Multi-modal Segment Assemblage Network for Ad Video Editing with Importance-Coherence Reward
Yolo Yunlong Tang, Siting Xu, Teng Wang, Qin Lin, Qinglin Lu, Feng Zheng

TL;DR
This paper introduces M-SAN, an end-to-end multi-modal network for automatic ad video editing that improves segment assemblage quality by using importance-coherence rewards and a novel evaluation metric.
Contribution
The paper proposes M-SAN, a novel end-to-end model utilizing multi-modal features and a new reward function for improved ad video segment assemblage.
Findings
M-SAN outperforms previous methods on the Imp-Coh@Time metric.
Multi-modal representation enhances segment assemblage quality.

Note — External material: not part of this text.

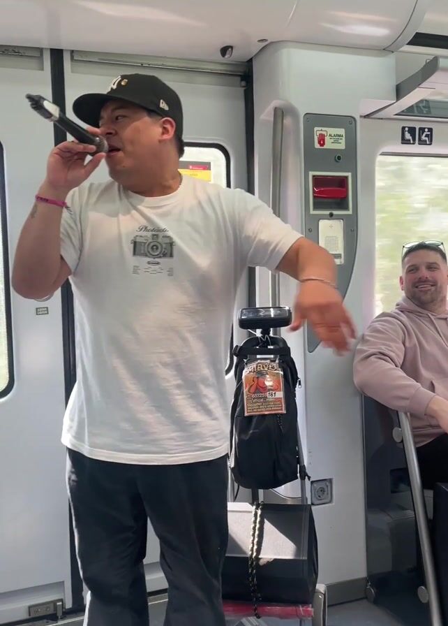 - "The interior of a train car is captured in this shot, showing a man standing and performing with a microphone" by FM-T5EOT2, licensed under CC BY 4.0

Importance-coherence reward significantly improves training effectiveness.
Abstract
Advertisement video editing aims to automatically edit advertising videos into shorter videos while retaining coherent content and crucial information conveyed by advertisers. It mainly contains two stages: video segmentation and segment assemblage. The existing method performs well at video segmentation stages but suffers from the problems of dependencies on extra cumbersome models and poor performance at the segment assemblage stage. To address these problems, we propose M-SAN (Multi-modal Segment Assemblage Network) which can perform efficient and coherent segment assemblage task end-to-end. It utilizes multi-modal representation extracted from the segments and follows the Encoder-Decoder Ptr-Net framework with the Attention mechanism. Importance-coherence reward is designed for training M-SAN. We experiment on the Ads-1k dataset with 1000+ videos under rich ad scenarios collected…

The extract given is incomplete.